At this stage of the race, nearly all candidates are painting with broad strokes and are short on details. Six months from now, however, the candidates for President should offer up much more specific information on how they plan to ensure the safety of the nation and her people. The national security-candidate is the one who is committed to:

  • Vetoing defense spending bills that contain (or directing agencies to ignore) any earmarks. At the start of the long war would be a good time to send a strong, clear signal to a pork-crazed Congress that this is indeed war -- and that we're going to make war-related spending decisions based on what the troops need and what their leaders feel is essential; not what some constituent-contractor back in the home district thinks will boost the bottom line.
  • Purging the intelligence community of long-time incumbents and golden-handcuffed dinosaurs. The people who presided over the greatest intelligence failures of the last generation and who continue to prepare for wars that will never come need to make way for the baggage-less generation. No one has led these communities through an intelligence-driven war, so their departure is no loss.

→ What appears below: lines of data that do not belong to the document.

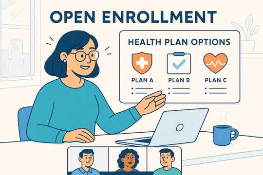 Woman explaining health plan options during open enrollment in online meeting with coworkers, creative business concept on light background. Ai generative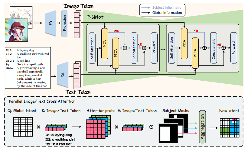 SD模型中的原始UNet利用交叉注意模块来挖掘文本特征,这些特征不足以表示多个主体的空间关系和特征。P-Unet是无需训练的布局调制注意力模块,P-Unet将UNet层的原始交叉关注模块分解为两个并行的文本和图像交叉关注模块(表示为PTCA和PICA)来细化Z。这两个模块具有相同的架构,其关键思想是计算Z与每主题文本/图像嵌入之间的特征相似度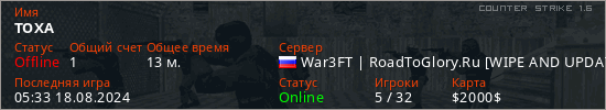 Последний раз был в сети 05:33 18.08.2024 Игрок с таким ником замечен на 24 серверах

  • Enhancing our counterintelligence capabilities. The espionage efforts of our most challenging adversaries are back up to cold war levels, but since the fall of the Soviet Union our counterintelligence and security capabilities have slowly been whittled away. The result has been cases like Nada Prouty, Ana Montes and the penetration of one of our most important intelligence facilities.
  • Right-sizing the military and civilian intelligence community staff by eliminating duplication through consolidation and fighting for smart growth in key areas by proposing raises in manpower caps in human intelligence and all-source analysis disciplines.
  • Refining the use of contractors in the defense and intelligence communities. Contractors are necessary and in some cases essential, but they should be used judiciously and over short periods of time. With a contractor costing the government nearly double what a civilian employee costs, and with contractors cannibalizing the civilian workforce, our current approach to contracting is untenable.
  • Increasing transparency in national security decision-making practice. Making mandatory the inclusion of outside experts in all substantial intelligence assessments to reduce real or perceived politicization. Push as much "lesser-included" work (the Burundi's and
    Bhutan's of the world) to academic institutions. Continue declassifying NIEs to restore credibility and confidence in our government's intellectual acumen.
  • Dispersing as much of the national security apparatus across the country as possible. Washington DC and its surrounds are expensive, congested, dilapidated and dysfunctional. Let agencies keep their headquarters elements in DC, but send everyone else to Dayton, Omaha,
    Kansas City, Boise, etc. Not has the quality of life for tens of thousands of people improved, the community is also much more resilient to attack or natural disaster.
  • Focusing on the hardest problems of our age by encouraging real risk-taking against hard targets and encouraging the employment of unique approaches to the most pressing challenges. By the same token the candidate will communicate with enthusiasm their intention to back our most aggressive, legitimate actions against our adversaries, and to protect operatives from political witch hunts.
  • Protecting what is truly secret and dispensing with what is not. Over-classification and abuse of the classification system is rampant, which means we spend too much time protecting information of dubious value.
    Enlarge the Information Security Oversight Office and enhance their capability and authority to produce and enforce a sensible and effective classification policy.
  • Enforcing a strict adherence to administration goals and a no-tolerance policy towards those who cannot or will not get with the program. No more Alberto Gonzales's. Yes-men are to be avoided, but tolerance for those who actively undermine policy is a betrayal of the electorate.